I have a working board with the RAM expansion. If you decide to base something on this design and run into a roadblock where having access to a working board would help, and you are in the US, let me know and I would be willing to loan it out for nondestructive reverse engineering.
This 32-bit RAM expansion module provides up to 4MB of 80ns RAM with zero wait states. Interestingly, the Total Systems Accelerator family brochure claims that the Mercury 030, when paired with this RAM expansion board, can match the performance of a stock SE/30. Adding the RAM expansion module could roughly double the Performer board performance!!.
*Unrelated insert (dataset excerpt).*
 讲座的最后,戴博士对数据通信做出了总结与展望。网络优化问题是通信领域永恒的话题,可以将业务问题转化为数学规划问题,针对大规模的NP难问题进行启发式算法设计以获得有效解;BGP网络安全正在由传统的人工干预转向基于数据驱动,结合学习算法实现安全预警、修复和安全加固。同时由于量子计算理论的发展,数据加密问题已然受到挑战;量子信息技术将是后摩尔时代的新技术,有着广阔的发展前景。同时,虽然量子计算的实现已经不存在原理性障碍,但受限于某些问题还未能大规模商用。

I've spent some time analyzing the logic of the MicroMac Performer and would like to share some key takeaways from my findings. Assuming the MicroMac Performer uses the same logic as the Mercury 030, the RAM expansion module replace the onboard RAM with a faster one with zero wait states and dedicated 32-bit data path for the 68030.
All my analysis is based on the Macintosh Plus architecture and ROMs. I presume that this should also be valid for the SE and the Classic.
The CIIN Signal
On the MC68030 CPU, CIIN is used to selectively inhibit the on-chip cache on a per-bus-cycle basis. This provides dynamic, cycle-by-cycle control over caching.
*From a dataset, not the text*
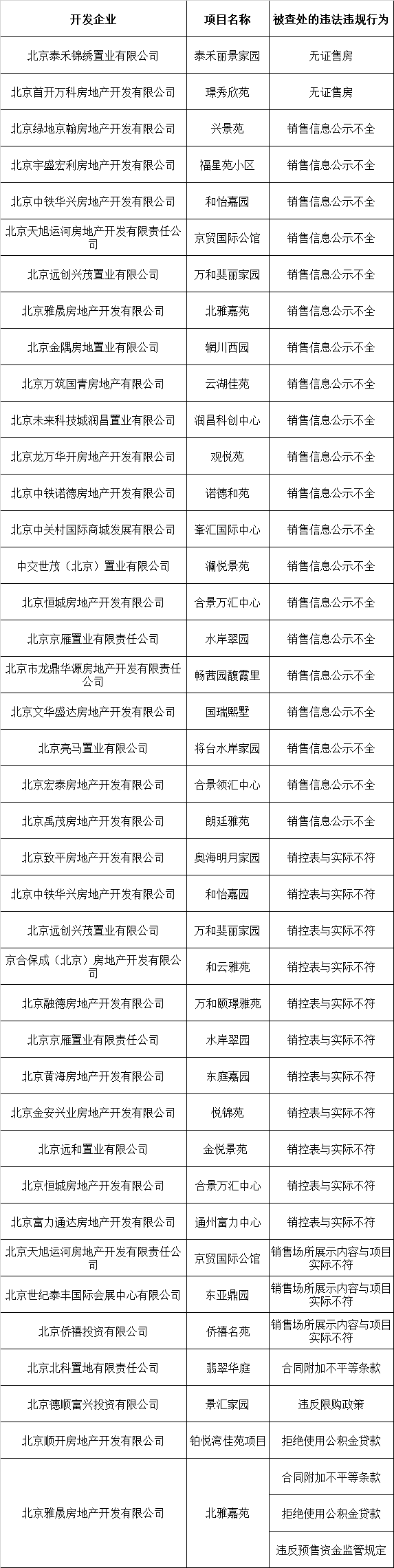 对北京顺开房地产开发有限公司铂悦湾佳苑项目拒绝购房人使用公积金贷款,雅居乐(03383.HK)拥有的北京雅晟房地产开发有限公司北雅嘉苑项目不执行预售资金监管制度,旭辉集团(00884.HK)控制的北京德顺富兴投资有限公司景汇家园项目不执行限购政策等18家存在违规问题的开发企业下达责令改正通知书,并采取限制网签、约谈告诫、信用监管等多种手段进行惩戒。

The PLD logic for the CIIN signal is key. The equation for CIIN becomes active when the address on the bus is $400000 or higher.
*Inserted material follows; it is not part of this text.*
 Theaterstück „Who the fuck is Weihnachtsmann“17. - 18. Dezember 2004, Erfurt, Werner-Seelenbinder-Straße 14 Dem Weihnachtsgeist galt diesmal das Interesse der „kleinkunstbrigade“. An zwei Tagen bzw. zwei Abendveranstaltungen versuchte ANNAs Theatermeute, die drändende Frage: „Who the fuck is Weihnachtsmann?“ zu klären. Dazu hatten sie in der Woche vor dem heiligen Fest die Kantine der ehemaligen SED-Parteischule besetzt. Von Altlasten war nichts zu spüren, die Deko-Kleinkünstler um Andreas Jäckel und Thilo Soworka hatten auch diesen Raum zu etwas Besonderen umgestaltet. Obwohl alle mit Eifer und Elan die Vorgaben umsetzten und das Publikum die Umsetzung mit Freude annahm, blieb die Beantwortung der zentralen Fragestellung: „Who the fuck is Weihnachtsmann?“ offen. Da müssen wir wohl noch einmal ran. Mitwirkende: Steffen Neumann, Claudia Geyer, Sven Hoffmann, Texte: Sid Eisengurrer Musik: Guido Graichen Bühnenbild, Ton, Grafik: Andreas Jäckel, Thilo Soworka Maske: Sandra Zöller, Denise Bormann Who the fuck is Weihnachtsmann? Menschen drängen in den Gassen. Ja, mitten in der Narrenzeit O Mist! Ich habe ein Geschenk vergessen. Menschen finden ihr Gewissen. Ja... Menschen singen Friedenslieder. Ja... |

o16 = (A22 AND A20) OR (A22 AND A21) OR (A23)
This logic ensures that for all addresses from $000000 to $3FFFFF, the CIIN signal remains inactive. This range represents a contiguous block of 4MB. This entire 4MB region is designated as the high-speed, cacheable memory space.
The address $400000 is the exact starting address of the Macintosh Plus's built-in ROM. Everything from this address onward in the memory map is dedicated to the ROM and the memory-mapped I/O devices of the original hardware.
The Mercury's designers chose this 4MB boundary for a very simple and elegant reason: below 4MB all memory is RAM. It is safe and beneficial to have this region be high-speed and cacheable.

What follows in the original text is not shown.